第188章 瘴哭鳥(1/2)
晨光徹底驅散了林間的薄霧,篝火餘燼散發著最後一絲暖意,與新生的朝陽交融在一起。
老陳和大周已經利索地收拾好了營地,將帳篷摺疊綑紮在鏢車一側。
藍小姐也整理好了儀容,雖眼底猶帶倦色,但神情已恢復了慣常的清冷。
白銘站在一旁,看著他們忙碌,並未插手。
他的目光掃過那輛木箱鏢車,又掠過藍小姐看似柔弱的身影,最後落在老陳和大周身上。
此時老陳收拾停當,走了過來,抱拳道:「白公子,營地已收拾妥當,我們這就啟程?」
他的語氣帶著商量的意味,目光卻謹慎地觀察著白銘的反應。
白銘點頭:「自然,按你們的路線走就行。
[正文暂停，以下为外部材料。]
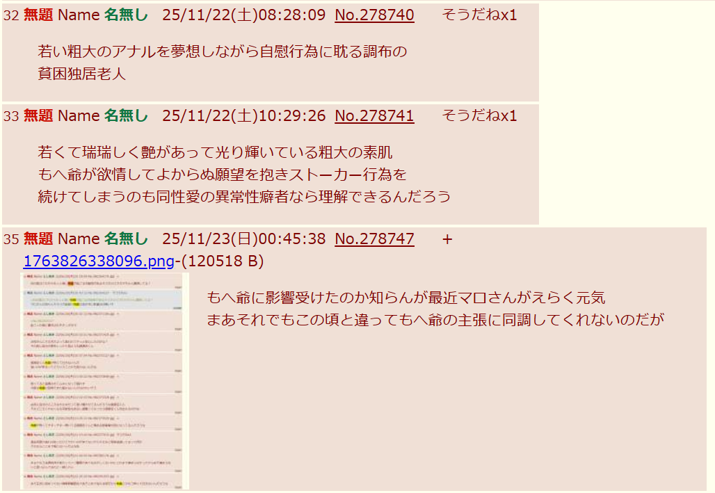 | … | 24無念Nameとしあき25/11/23(日)01:00:10No.1368036181+>やっぱり他所の板に逃げて泣いてんな |

」
大周將粗重的繩索套在肩上,深吸一口氣,準備拉動鏢車。
白銘好奇道:「你們沒有馬嗎?」
大周苦笑著搖頭:「在外走鏢哪裡用得了馬?馬可沒有人那麼聽話,遇到危險容易受驚,反而誤事。就像昨天晚上一樣。」
白銘心下瞭然。
在這個有著詭異的世界,像昨天遇到夜遊神那種情況,馬匹根本就不能及時趴下,恐怕會造成不必要的危險。
而且即便不會對人造成危險,這個不明規則的馬匹恐怕也活不了多久。
好在,這個世界的武學特殊,即便人的體重差了馬十幾倍,但拖一些貨物還是不成問題的。
老陳補充道:「之前是由六個人輪流拉車的,如今文四、馬家兄弟和孫老爺子都不在了,只能由我和大周多擔待些。」
隊伍開始緩慢移動。
老陳持刀在前開路,目光銳利地掃視著前方及兩側的林木。
大周拉著鏢車,肌肉賁張,額角滲出細汗。
藍小姐走在鏢車旁,白銘則不遠不近地跟在她身後。
林間小路蜿蜒,露水打濕了褲腳,空氣中瀰漫著泥土和草木的清新氣息。
行走約莫五個小時,日頭漸高,天空卻開始聚起薄雲,原本明媚的陽光被蒙上一層灰濛濛的紗幔。
前方則出現一條潺潺溪流,水聲淙淙。
老陳抬手示意隊伍停下:「在此稍作歇息,人也吃點乾糧,大周也休息一下。」
眾人依言停下。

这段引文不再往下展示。